I visited this grim place eight years ago with Michael Gove, then justice secretary, for a BBC Panorama documentary that I made on prison reform. One man, who said he lacked decent role models growing up, told me how he began taking drugs in the prison a decade earlier in a “very dark gloomy cell” before going on to explain how such places were like universities of crime in which convicts exchanged ideas. “You have to say that prison is failing when almost half of those who are in prison go on to reoffend,” admitted Gove afterwards.

He was sacked from this job a few months later in the fallout from the Brexit farce. This was a shame since Gove became a convinced reformer, even if his idea of adopting the school academy model of autonomy in the prison system floundered. Yet he was right in his analysis: our failing prisons are a national disgrace England and Wales has the highest imprisonment rate in Western Europe, followed closely by Scotland. Their rate is more than double that of Germany, where a court earlier this year refused to extradite to the UK a man accused of drug trafficking “in view of the state of the British prison system”.

This decision underscores the shameful state of our prisons, so grotesque that neighbouring nations refuse to send human beings into such hellholes. The system is swamped with citizens damaged by chaotic backgrounds, many suffering from addiction, educational or mental-health struggles that fall through gaps in other parts of the public sector and are then intensified in prison. Short sentences are especially damaging, with more than half those locked up for less than 12 months reoffending. Even one former Tory prisons minister confessed that people given community sentences are less likely to reoffend – yet only Scotland dares introduce a presumption against use of short sentences.

“Wandsworth is fairly typical of most inner city Victorian prisons,” said Charlie Taylor, the chief inspector of prisons, this weekend. A few months after I visited, one of his predecessors quit, fearing he was growing desensitised to horror after repeatedly seeing squalor and disturbingly high levels of self-harm and suicide.

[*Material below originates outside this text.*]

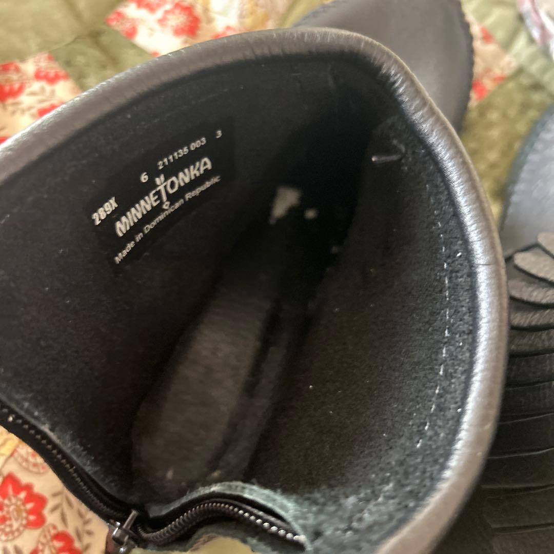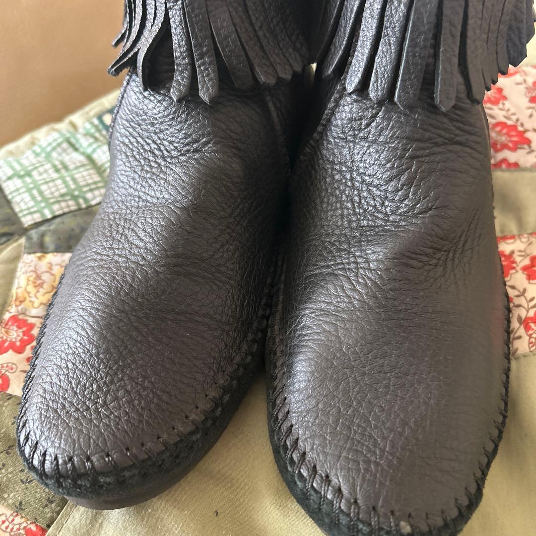 Minnetonka フリンジ付き黒レザーブーツ

Yet nothing changes. Four months ago Andrea Albutt, who ran four very different prisons before becoming president of the Prison Governors Association, delivered a damning indictment to MPs of these “warehouses of danger, despair and degradation” that have seen record rises in violence, self-harm and suicide.

Prisons deliver a form of punishment that might be familiar to those thrown behind bars when places such as Wandsworth were built two centuries ago. But they fail to curb reoffending, despite surging numbers. And as shown by a recent study for the Sentencing Council, the severity of sentences has “no effect on the level of crime in society”, since criminal acts are often spontaneous, driven by fury, intoxication or mental health episodes. Yet average length of a prison sentence has increased by more than half over the past decade as dismal politicians from both main parties joust to look tough. All they do is fuel fear of crime while displaying their weakness.

Albutt accused politicians of duping voters by pushing a myth that jailing more and more people for lengthening terms makes society safer. “It’s a lie,” she said. “Prison does not work.” Other countries prove the benefits of reform. The Netherlands, which used to match British incarceration rates, has less than half our reincarceration rate after seeing that reducing use of prison had little impact on crime levels while freeing cash to tackle social issues.

Norway made the same shift, cutting sentences and introducing a famously humane prison system – and then saw reoffending rates plummet from 70 per cent to the lowest in the world at 20 per cent. Even the United States, with its horrendously high use of prison, has changed tack – as I showed Gove on that documentary, taking him to Texas to see how drug courts sought to break the cycle of addiction, chaotic lifestyles and crime.

Many conservatives there view prison as a costly state failure, rightly seeing that it is senseless to repeatedly lock up damaged citizens. Brave Texan politicians reached across the tribal divide and sparked a national movement that has transformed public debate – leading to a 25 per cent fall in prison populations since 2009. But British politicians on left and right remain timid and trapped in the past – much like those hideously crammed Victorian prisons such as Wandsworth.